2009 Duck Hunting Forecast

Improved habitat conditions on the prairies this spring helped duck numbers reach the highest level in a decade

By Matt Young

One of the most amazing aspects of waterfowl behavior is the birds’ ability to “home” back to particular breeding sites in the spring. In North Dakota, DU researchers once observed a banded hen pintail that returned to nest in the exact same place the bird nested the year before, building her new nest on the remains of the previous year’s nest. But unlike upland game birds, waterfowl also have the ability to move to new breeding areas in response to annual changes in weather and habitat conditions.

Flyway Breakdown

Pacific Flyway

Central Flyway

Mississippi Flyway

Atlantic Flyway

Looking Ahead

This year offers a good example of how the distribution of breeding ducks can shift dramatically from one spring to the next. In 2008, much of the Dakotas, Montana, and the Canadian prairie was dry. As a result, many breeding ducks simply bypassed the parched grasslands and settled farther north in the parklands and boreal forest, where wetland conditions were more favorable. In 2009, runoff from a heavy snowpack and frequent spring precipitation produced good to excellent waterfowl breeding habitat across the Great Plains states and parts of Prairie Canada. The U.S. Fish and Wildlife Service (USFWS) reports that the 2009 May pond estimate—the primary measure of wetland abundance on the prairies—was up a whopping 45 percent from the previous year’s estimate.

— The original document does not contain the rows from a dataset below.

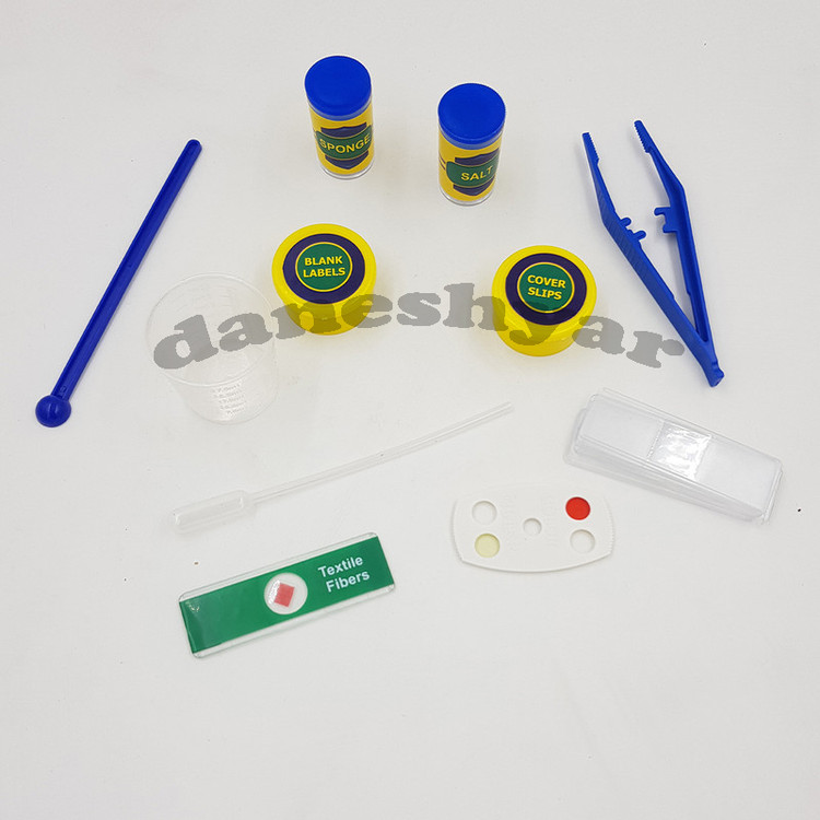 یک عدد میکروسکوپ بهمراه ظروف نگهداری نمونه و لام آماده
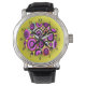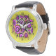 Um padrão retrô muito simples e moderno de formas circulares em tons de rosa, laranja, roxo e branco sobre um fundo amarelo neon. Criado no ArtRage 3 Studio Pro, com estêncils e camadas, por Gina Lee Manley ©gleem Você escolhe estilo de relógio e cor da pulseira de pulso.
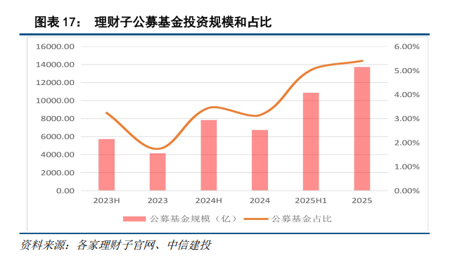 展望2026年,资产配置惯性和理财子转型主导理财子的资产配置结构。其一、资产配置的惯性。(1)现金及银行存款占比预计会降低。目前,各家理财子现金和银行存款的占比在回升而且达到近5年以来的最高值。预计全年的占比可能会有所降低。(2)公募基金占比预计会提高2%左右,增量在8000亿左右。公募基金已经转变为理财子“增厚收益的重要工具”, 也是间接参与权益市场分享权益市场红利主要方式,预计2026年占比提高2%左右,增量大致在8000亿。(3)权益类资产占比预计会提高,预计提高0.5%,增量2000亿左右。其二、理财子转型。固收 成为主方向、理财子需要寻找其他增厚收益的资产类型、适当提高产品收益率、在分类监管的框架下理财子需增强投研能力,所有这些都将激励理财子提高权益类投资的占比。总而言之,理财子直接或者间接参与权益市场的资产占比会提高,无论是公募基金还是权益类资产、衍生品、境外资产占比等。

Waterfowl responded to the improved habitat conditions with a strong breeding effort, especially on the prairies. The total breeding duck estimate in the traditional survey area was 42 million birds—a 13 percent increase from the previous year and the fifth largest since surveys began in 1955. Four of the 10 most common duck species posted significant increases, and six species were significantly above the long-term average (see chart on page 51). Of particular interest to hunters, mallards had a breeding population of 8.5 million birds—up 10 percent from last year and the largest estimate since 2000. Canvasbacks made a strong comeback, surging by 35 percent from the 2008 level. Pintails also posted a significant increase but remained below the long-term average. In the eastern survey area, population estimates for the 10 most abundant duck species were similar to last year and long-term averages.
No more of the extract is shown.